Добавить в цитаты Настройки чтения

Страница 292 из 315



Вместо ответа Голд подался вперёд и нежно её обнял. Он хотел, чтобы она почувствовала, насколько сильно он её любит. В эту самую минуту он любил её больше всего на свете.

— Что с тобой? — легко засмеявшись, спросила она, неловко отвечая на его объятия. — Что за нежности?

Он ничего не сказал, только подвинулся к ней ещё ближе, зарываясь лицом в её волосы.

— И я тебя люблю, — вздохнула Белль и обняла его как можно крепче. — Больше всего на свете.

========== Обрывки воспоминаний ==========

Мистеру Голду снова снилась крыша. Всё та же, утопающая в густом белом тумане, но на этот раз совсем пустая. Он прошёл немного вперёд и понял, что есть и другие изменения. На этот раз воздух вокруг был разрежен сверх меры, и ему с трудом давался каждый вдох, и всё казалось реальнее, переменчивее. Он отчётливо слышал свои шаги, а туман, статичный и неподвижный, стал самим воплощением хаотичного движения. Выглянуло солнце. Румпель ощутил его тепло и зажмурился, подставив лицо согревающим лучам. Так он стоял некоторое время, как вдруг…

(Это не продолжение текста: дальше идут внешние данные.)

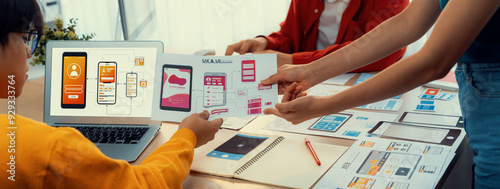 The watermark will not be included on Wall mural.: Panorama banner of startup ux developer or company employee design user interface or ui prototype fo
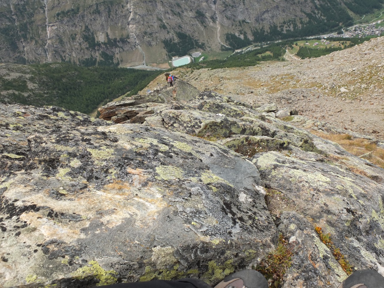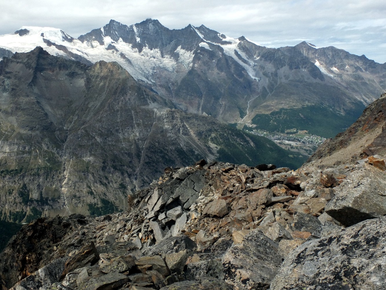 Időközben az ég egyre felhősebb lesz, bár itt még látszanak a szemben lévő négyezresek: az Alphubel, a Taeschorh, Dom, Nadelhorn, Lenspitze...

— Папа, — окликнул его до боли знакомый голос, который он никогда не смог бы забыть, даже если бы пытался сделать это.

— Бей… — прошептал Румпель и стремительно обернулся.

Бейлфайр стоял всего в нескольких футах от него, смотрел на отца и улыбался. Больше он не сказал ни слова, как и сам Румпель. Им обоим всё было понятно и без слов, совершенно лишних и ненужных. Голд не хотел, чтобы сон кончался, хотя отчетливо осознавал, что промедление приведет к смерти. Но скоро Бей исчез, так же внезапно, как и появился, а Голд так и стоял на крыше в своем мёртвом сне, пока не очнулся в просторной белой комнате, похожей на больничную палату. Голова раскалывалась на куски, сердце болело, и он подумал, что оно застынет в груди, если он попробует подняться. Со странной радостью он обнаружил, что на краешке его кровати сидит Белль, а потом огорчился, заметив, что она плачет.

— Белль…

— Всё будет хорошо, милый.

— Я умираю?

Она ничего не сказала, только наклонилась к нему, и он ощутил, как её тёплые мягкие губы касаются его губ. Это ощущение, её близость, её запах остались с ним, когда он проснулся в своей спальне. На этот раз по-настоящему проснулся.

— Доброе утро, Румпель, — ласково прошептала Белль, поглаживая его по спутанным волосам. — Просыпайся, мой хороший.

— Белль, — улыбнулся Голд, сел в постели и схватился за голову. — Ай…

Его голову пронзила резкая боль, слева защемило нерв, что во сне он и принял за инфаркт, и всё тело затекло и не слушалось.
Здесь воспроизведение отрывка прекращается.